La politique musclée que mène le gouvernement français envers les Roms suscite un véritable malaise dans l'Église catholique. À tel point qu'un prêtre dit même avoir prié pour que le président Nicolas Sarkozy soit foudroyé par la maladie.

«Je prie - je vous demande pardon - pour que M. Sarkozy ait une crise cardiaque», a déclaré dimanche le père Arthur Hervet, un prêtre de Lille très investi dans la défense des minorités.

«J'en suis là. Je sais que je n'ai pas le droit de le faire, mais je dis: «Seigneur, il n'y a plus que toi qui puisses arrêter quelque chose»», a déclaré le religieux, qui a présenté des excuses quelques heures plus tard.

«Je ne veux absolument pas la mort du président Sarkozy. Mon seul désir: que Dieu frappe son coeur comme il l'a fait pour Saul sur le chemin de Damas. Saul s'est relevé et est devenu témoin de la Vie», a expliqué l'homme de 71 ans, qui a rendu sa médaille de l'Ordre du mérite pour manifester son indignation face à la politique gouvernementale.

Hier, le prêtre a ajouté qu'il souhaitait que le président vienne constater les difficiles conditions de vie des Roms.

L'archevêque de Lille, Mgr Laurent Ulrich, a déclaré dans un communiqué qu'il ne pouvait «cautionner» les propos du prêtre, tout en se montrant plus que compréhensif face à son exaspération.

La situation «que vivent actuellement les Roms provoque la conscience de nombreux chrétiens et d'hommes de bonne volonté», a-t-il souligné.

Sortie du pape

L'archevêque d'Aix-en-Provence, Mgr Christophe Dufour, a aussi critiqué la politique gouvernementale dans les derniers jours après avoir assisté au démantèlement d'un campement illégal.

«Les discours sécuritaires qui laissent entendre qu'il y a des populations inférieures sont inacceptables. Ces personnes, citoyens européens, vivent pour la plupart paisiblement ici», a-t-il souligné.

Le pape Benoît XVI, dans une sortie que la presse nationale a interprétée comme une remontrance envers le gouvernement français, a déclaré de son côté à des pèlerins français qu'il faut «accueillir les hommes de toutes origines».
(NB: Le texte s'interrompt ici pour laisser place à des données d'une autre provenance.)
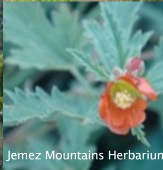
Jemez Mountains Herbarium
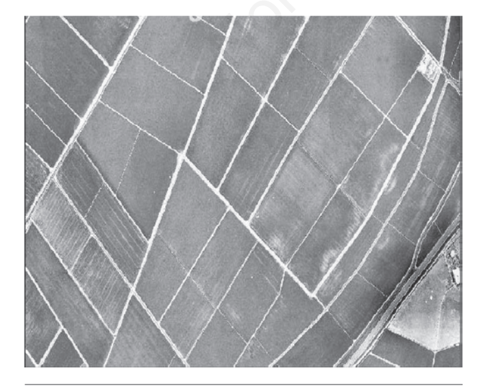
Figure 1. Low volume roads in an irrigated area of Spain. Mesh system.

Outside of irrigation areas, a tree-like (Figure 2) network design was used. In this case, the final objective was to provide access to any
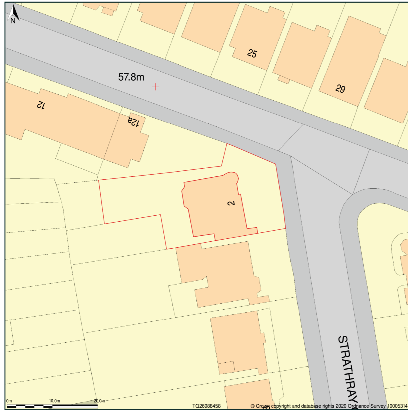
01 BLOCK PLAN 1:500@A3
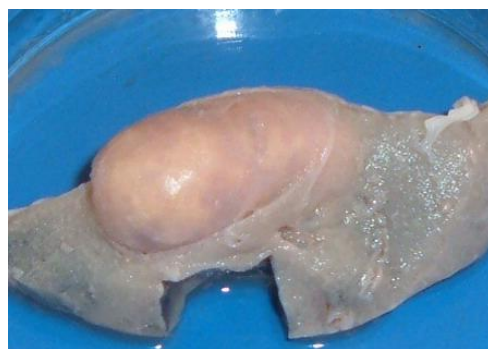
Hydatid cyst in lung tissue
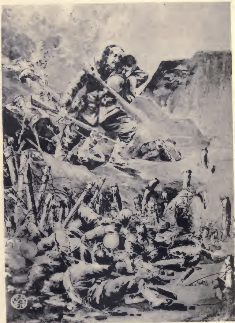
From the Painting by the Author with his Left Hand
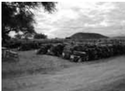
The aftermath of deforestation
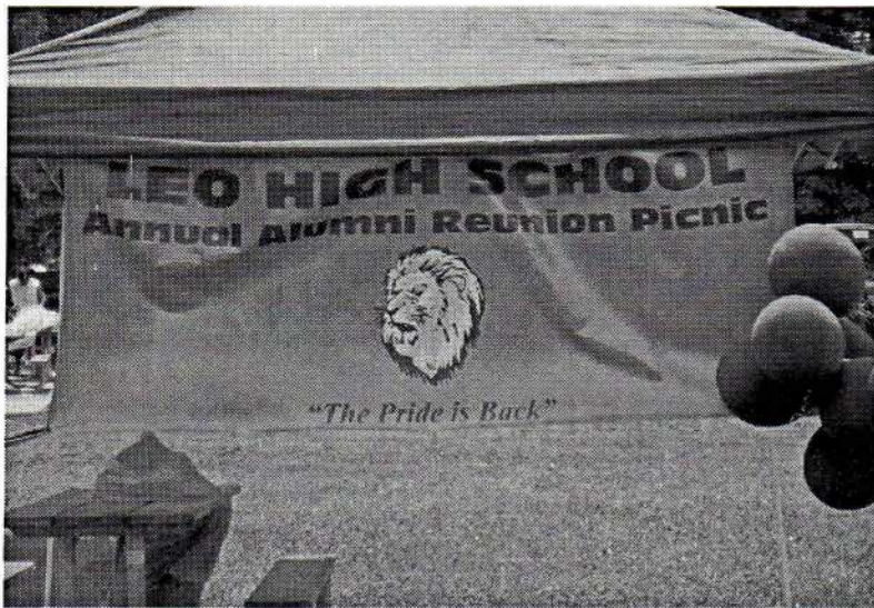
The picture speaks for itself !
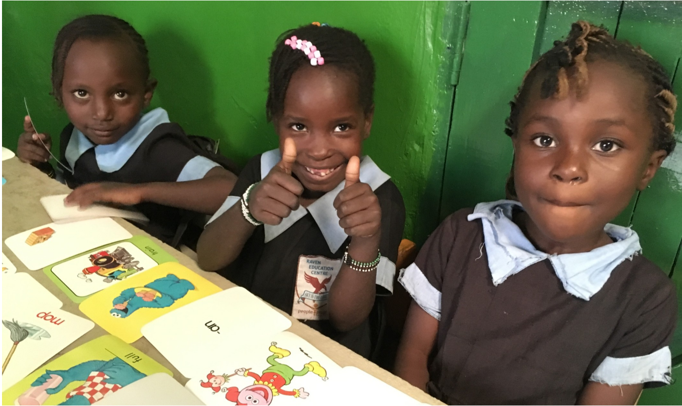
Raven Education Centre pre-unit students learning with flashcards in their newly painted classroom.
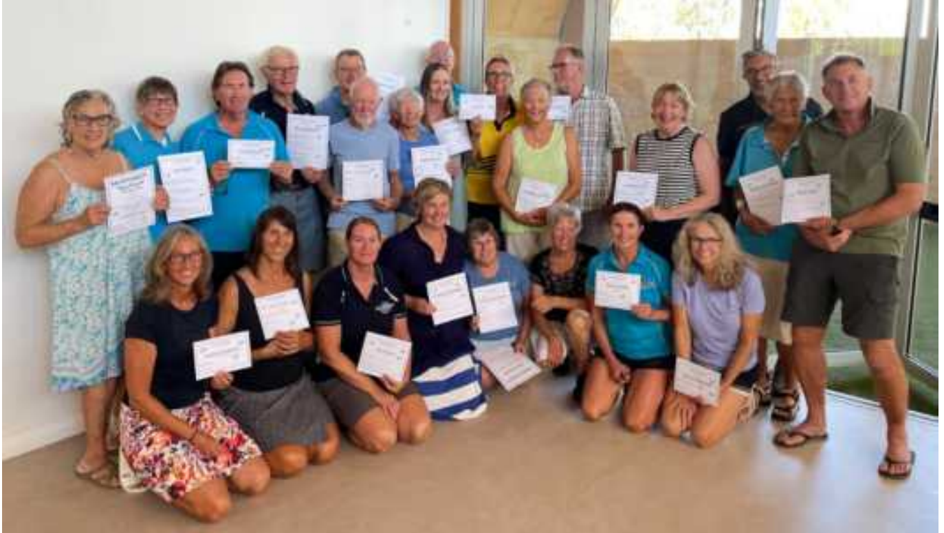
Swimmers with their Top Ten Certificates for 2024 ^

The AGM had a good attendance and was preceded by a Club Swim in preparation for the Newman Churchlands ABC CC.

Le secrétaire du Conseil pontifical pour les migrants et les gens du voyage, Agostino Marchetto, avait déclaré quelques jours plus tôt que «les expulsions en masse de Roms» sont contraires aux normes européennes.

Le ministre de l'Intérieur, Brice Hortefeux, prenant la mesure du tollé dans l'Église catholique, a déclaré hier matin qu'il était disposé à rencontre le président de la conférence épiscopale, le cardinal André Vingt-Trois, pour discuter de la situation.

Pas question de mea-culpa pour autant de la part du politicien, qui accuse le «petit milieu médiatico-parisien» d'entretenir la polémique par des «mots extrêmement forts».

Un froid avec les catholiques

Le ministre de l'Agriculture, Bruno Le Maire, a insisté sur l'importance de préserver la séparation «totale de l'Église et de l'État» pour inciter le milieu ecclésiastique à freiner ses critiques.

Qu'elle soit juste ou pas, la politique sécuritaire du gouvernement est en train de créer un sérieux froid avec les catholiques de France, prévient Jean-Pierre Denis, responsable de l'hebdomadaire catholique La Vie.

«Le démocrate-chrétien n'aime ni l'éclat du bling-bling, ni les sirènes hurlantes des derniers jours, indique le journaliste. Le discours martial sécuritaire n'est pas vraiment fait pour le conservateur tempéré.»